When deciding which plants to raise indoors, I start by ensuring they will stay alive while I go on vacation. I don’t want to deal with a houseplant that’s higher maintenance than me. Marble Queen Pothos – also called a money plant or devil’s ivy – is low maintenance and practically fool-proof. It looks good in both a traditional pot, as well as in a hanging basket.

Let’s look at the ins and outs of raising this indoor plant, so you can decide if it makes sense for you.


Marble Queen Plants Details


Before we dive into raising Marble Queen Pothos, start by looking at this quick guide for standard care requirements. If you need more information, feel free to scroll down and review the detailed information.

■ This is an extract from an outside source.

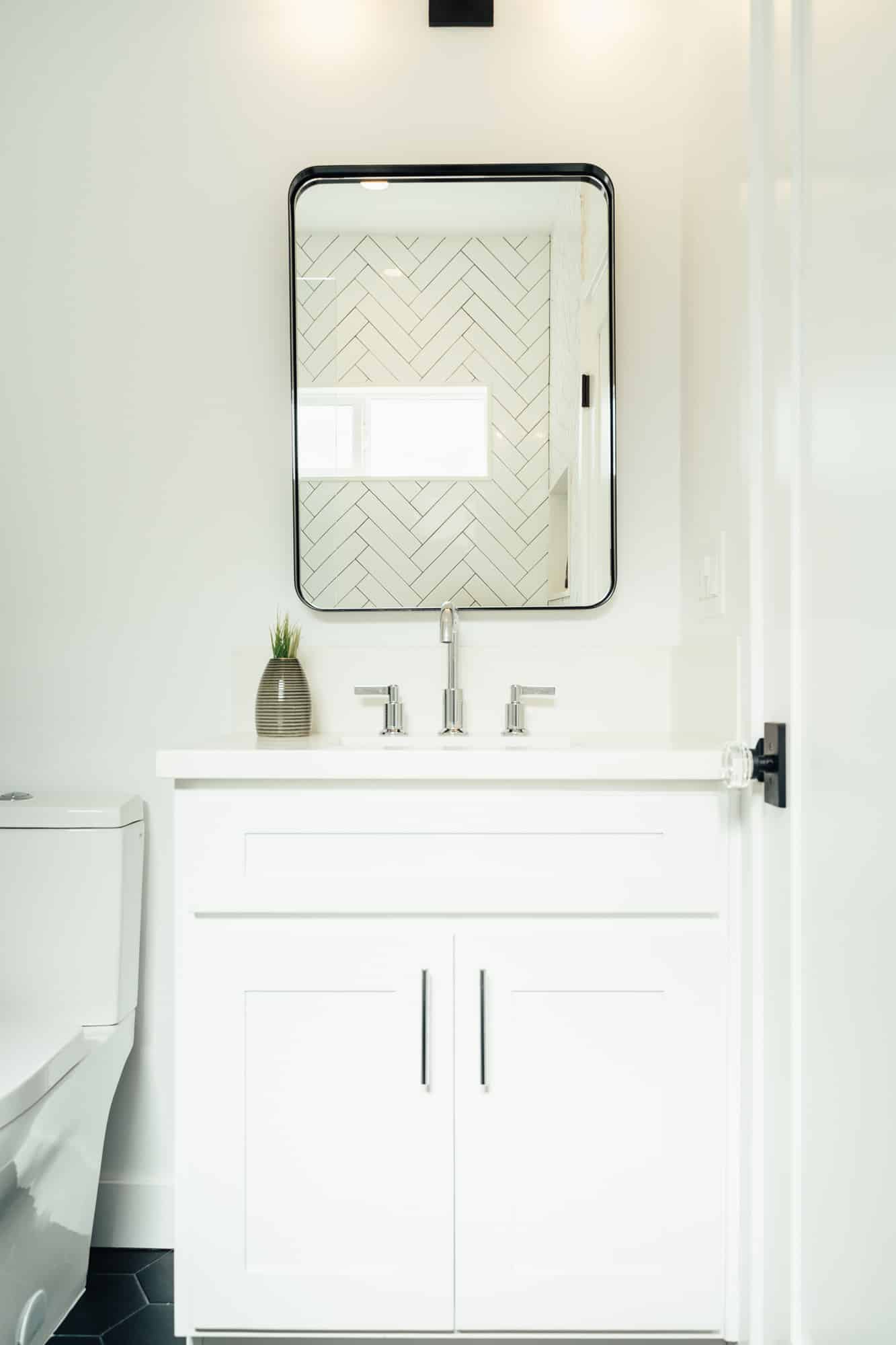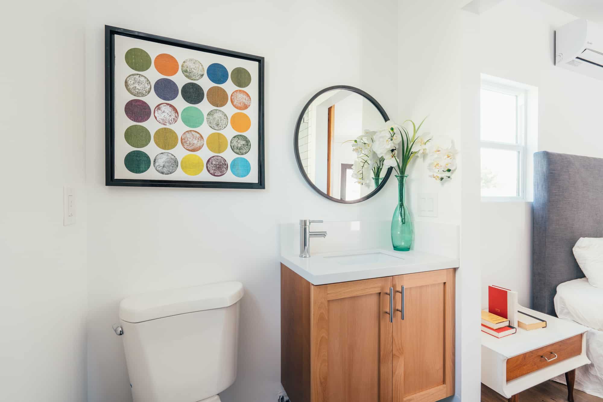 The shared hallway bathroom features a custom vanity with quartz counters and plenty of storage to hideaway personal affects. The second bedroom enjoys an en suite bath of it’s own!
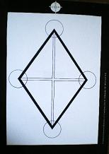 So now you have a perfectly balanced diagram at the center of which is an empty circle which represents your inner place of total abundance, the concept of abundance being defined as "the ability to perform " so it is your place of total ability. Ask any question and you will immediately get an answer through your instinctive reflex system. However always remember that it functions just like any computer, it cannot reason or evaluate, thought is polarized energy, it is either on or off, negative or positive, yes or no. All is vibration including humans, similar things vibrate in unison, link and resonate together as a vibrational match. When you think you enter into vibrational match with what you are thinking about. Humans are not conscious of this link, but as a result the body produces almost immediate involuntary reflexes. In the case of searching for the winning number of a horse race, asking the question "what is the winning number?" is imprecise. You should ask the question so that there can only be a yes or no answer. With your attention focused on the center of the graph ask "is horse number 1 the winner of this race" The flow of energy within the graph follows exactly the same principles as in feng shui, by modifying the graph you can modify the direction of the flow. The lozenge shape is always in perfect equilibrium, however by placing a question in the center you have put it under pressure, you have pressurized the assembly into giving an answer. Remember there is constant interaction between your energy and the graphism because it is in your focus and the graphism acts as a relay between the visible and the invisible, a kind of double doorway that allows you to interact directly with the invisible. Energy always follows the path of least resistance so you can now give it two equal choices through which the energy can escape and express itself and these two equal choices are

  • Scientific Name:  Epipremnum aureum
  • Genus: Pothos
  • Scientific Family: Araceae Family
  • Origin: The Marble Queen Pothos is from French Polynesia.
  • Mature Height: A Marble Queen Pothos can grow large and unmanageable if given the opportunity. Contain it by placing the plant in a small pot or hanging basket and prune regularly.
  • Distinguishing Features: Light green variegated heart-shaped leaves with creamy white lines.
  • Home Placement: You can place the Marble Queen Pothos anywhere in the home with indirect light. The other main factor for this houseplant is moderate to high humidity.
  • Growth Speed: Fast grower – it can grow up to 1.5 feet in a year or less.
  • Light Requirements: Marble Queen Pothos prefers bright, indirect light, but it can survive low-light conditions. Consider placing your houseplant in an east or west-facing window. Too much light can scorch the leaves or cause the plant to lose the green from its leaves.
  • Watering Requirements: Keep your soil slightly damp but not overly wet. Too much water can cause root rot and issues with pathogens.
  • Soil Requirements: The Marble Queen Pothos requires a nutrient-rich potting mix that also provides the needed drainage. Your soil mix should include houseplant soil, peat moss, and perlite.
  • Temperature: You should keep your Marble Queen Pothos between 65-85 degrees Fahrenheit (18-29 degrees Celsius)
  • Fertilizer: Apply a general-purpose, water-soluble fertilizer once every six months
  • Humidity: Devil’s ivy will do well in most households, assuming your humidity is between 40-60%. If your humidity level is below that (you can check this with a hygrometer), you may need to invest in a humidifier to give your indoor plant the moisture it needs.
  • Pruning: Marble Queen Pothos is a fast-growing houseplant and does well with a good pruning in the early spring. Pruning promotes bushy growth and helps prevent legginess. You can also prune away any dead or damaged leaves throughout the year.
  • Propagation: There are several ways to propagate pothos. To propagate with soil, cut just below the node on the parent plant and add a root-growth hormone. From there, create a small hole in the potting soil with a pencil and carefully insert the cutting. Water and then seal the pot and the cutting with a plastic bag until rooting begins.
  • Repotting: The best time to repot this indoor plant is usually the spring or summer. For larger plants, repot them once every 2-3 years.
  • Diseases and Pests: Marble Queen Pothos is relatively resilient but is vulnerable to mealybugs, thrips, leaf spot disease, and root rot.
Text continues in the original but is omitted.